_Dataset excerpt_.
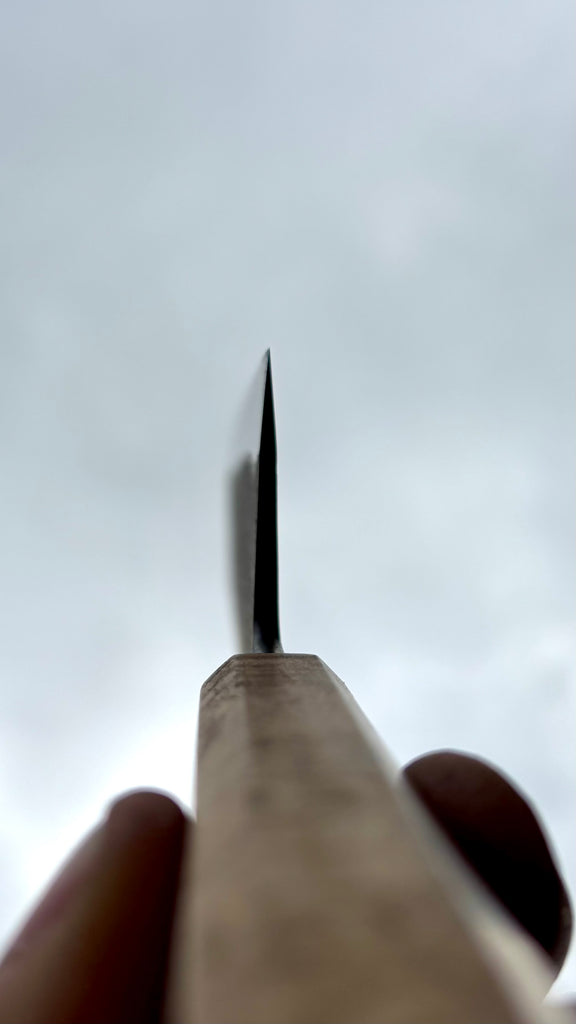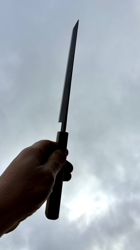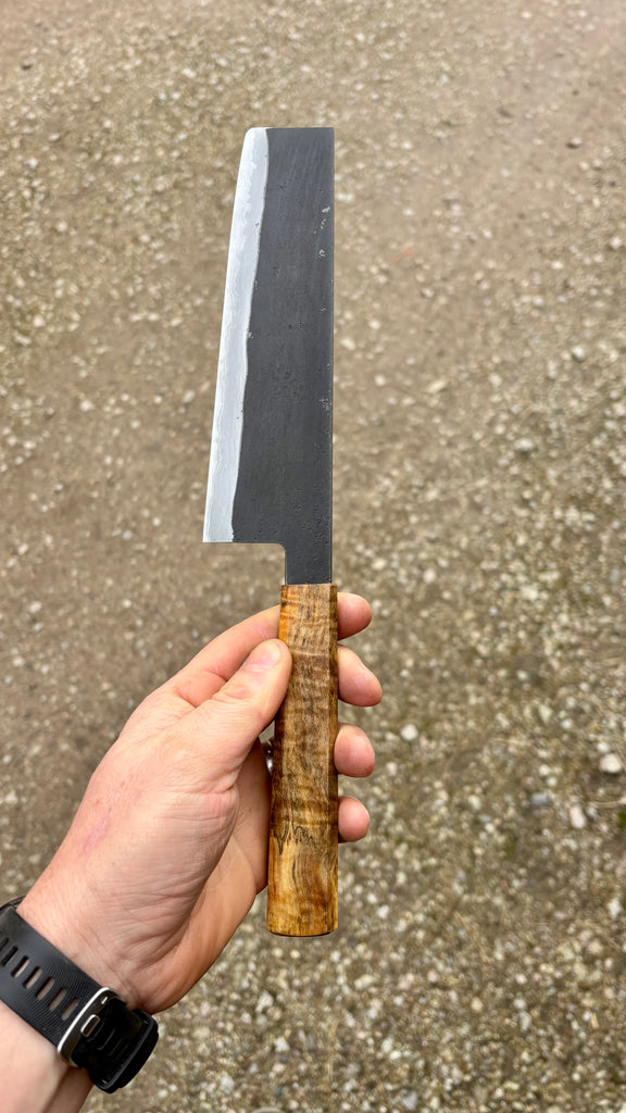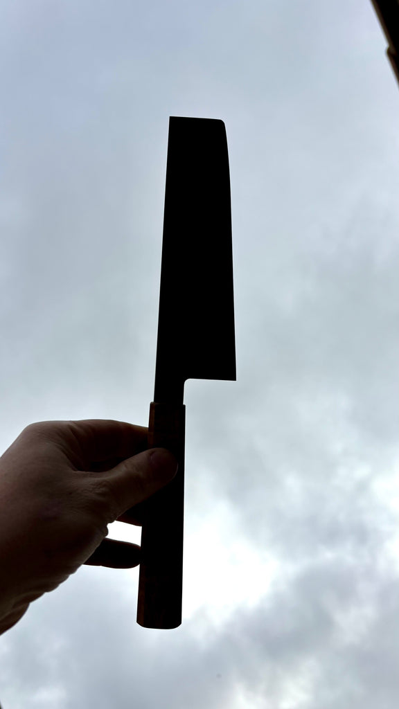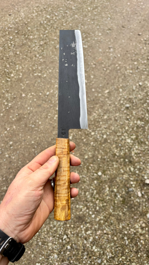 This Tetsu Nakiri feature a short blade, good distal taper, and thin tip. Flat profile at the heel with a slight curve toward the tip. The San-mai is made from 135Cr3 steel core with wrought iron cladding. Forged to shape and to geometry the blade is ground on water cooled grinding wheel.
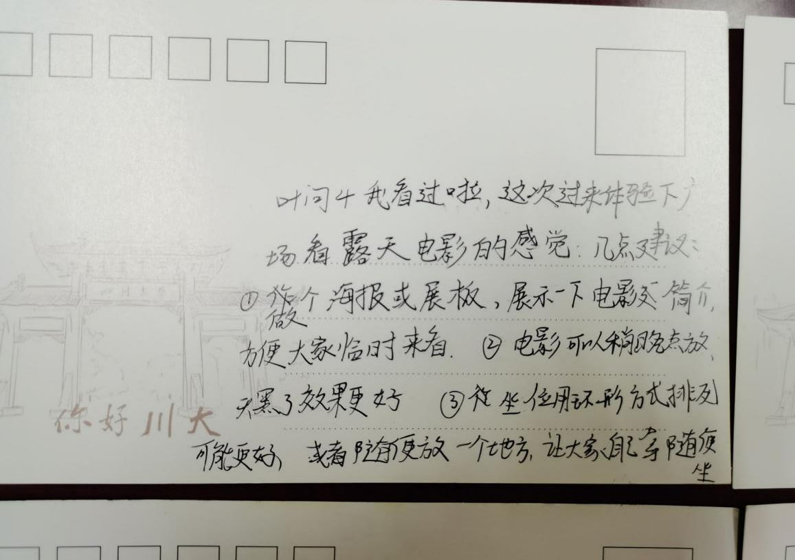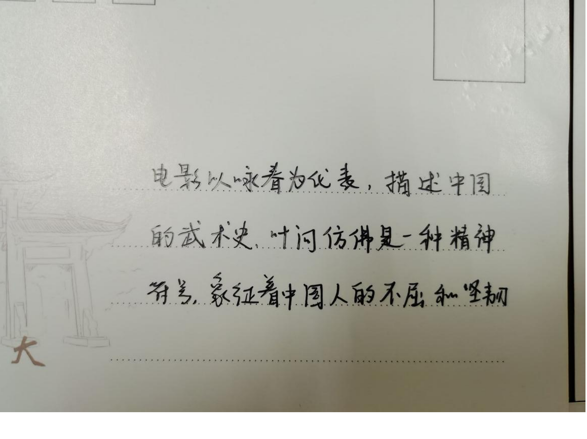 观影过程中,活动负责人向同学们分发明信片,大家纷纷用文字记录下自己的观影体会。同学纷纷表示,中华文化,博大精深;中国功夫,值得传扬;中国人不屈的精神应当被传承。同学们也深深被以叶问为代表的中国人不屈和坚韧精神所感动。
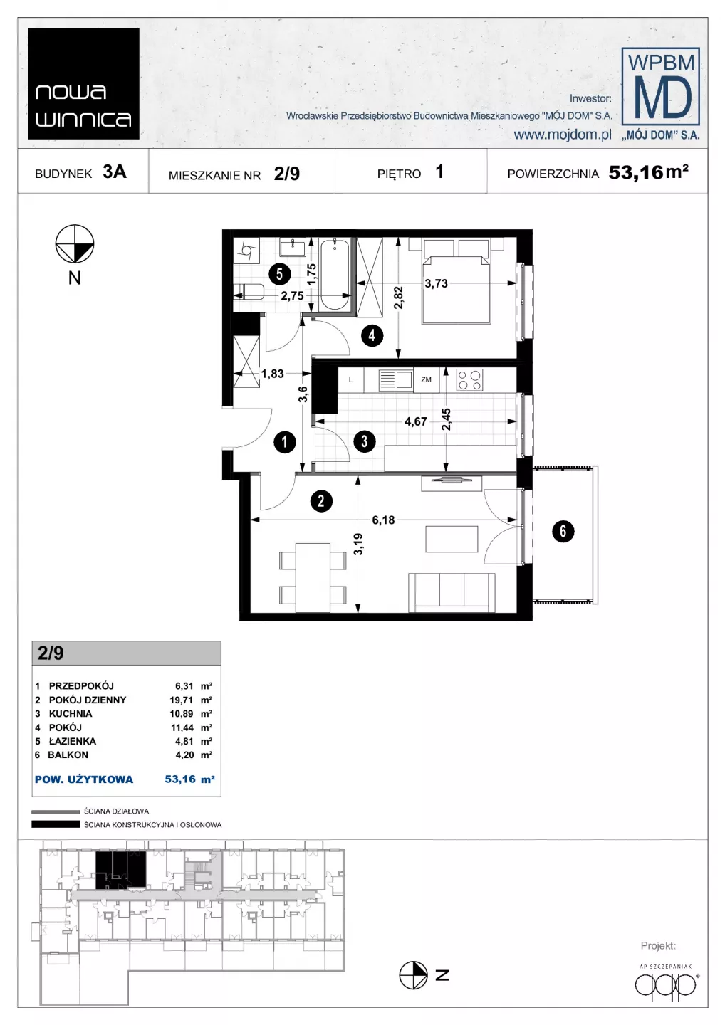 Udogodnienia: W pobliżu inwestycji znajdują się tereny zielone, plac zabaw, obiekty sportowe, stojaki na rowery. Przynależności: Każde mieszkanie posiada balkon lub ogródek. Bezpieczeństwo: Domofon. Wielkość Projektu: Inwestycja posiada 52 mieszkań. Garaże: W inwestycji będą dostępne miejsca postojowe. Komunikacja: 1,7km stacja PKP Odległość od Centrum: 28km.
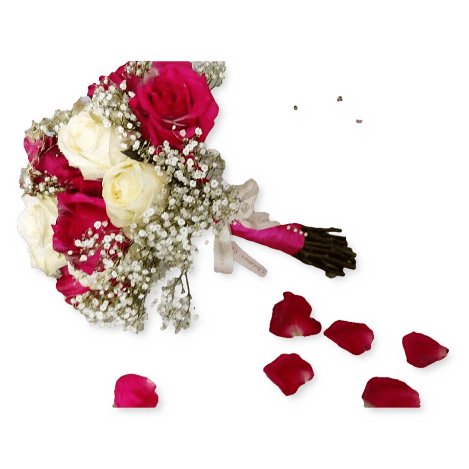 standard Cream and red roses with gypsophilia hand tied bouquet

_Brief_.
Leaving out the pictures, output each line above exactly as it is.

_Result for this task_.
 This Tetsu Nakiri feature a short blade, good distal taper, and thin tip. Flat profile at the heel with a slight curve toward the tip. The San-mai is made from 135Cr3 steel core with wrought iron cladding. Forged to shape and to geometry the blade is ground on water cooled grinding wheel.
 观影过程中,活动负责人向同学们分发明信片,大家纷纷用文字记录下自己的观影体会。同学纷纷表示,中华文化,博大精深;中国功夫,值得传扬;中国人不屈的精神应当被传承。同学们也深深被以叶问为代表的中国人不屈和坚韧精神所感动。
 Udogodnienia: W pobliżu inwestycji znajdują się tereny zielone, plac zabaw, obiekty sportowe, stojaki na rowery. Przynależności: Każde mieszkanie posiada balkon lub ogródek. Bezpieczeństwo: Domofon. Wielkość Projektu: Inwestycja posiada 52 mieszkań. Garaże: W inwestycji będą dostępne miejsca postojowe. Komunikacja: 1,7km stacja PKP Odległość od Centrum: 28km.
 standard Cream and red roses with gypsophilia hand tied bouquet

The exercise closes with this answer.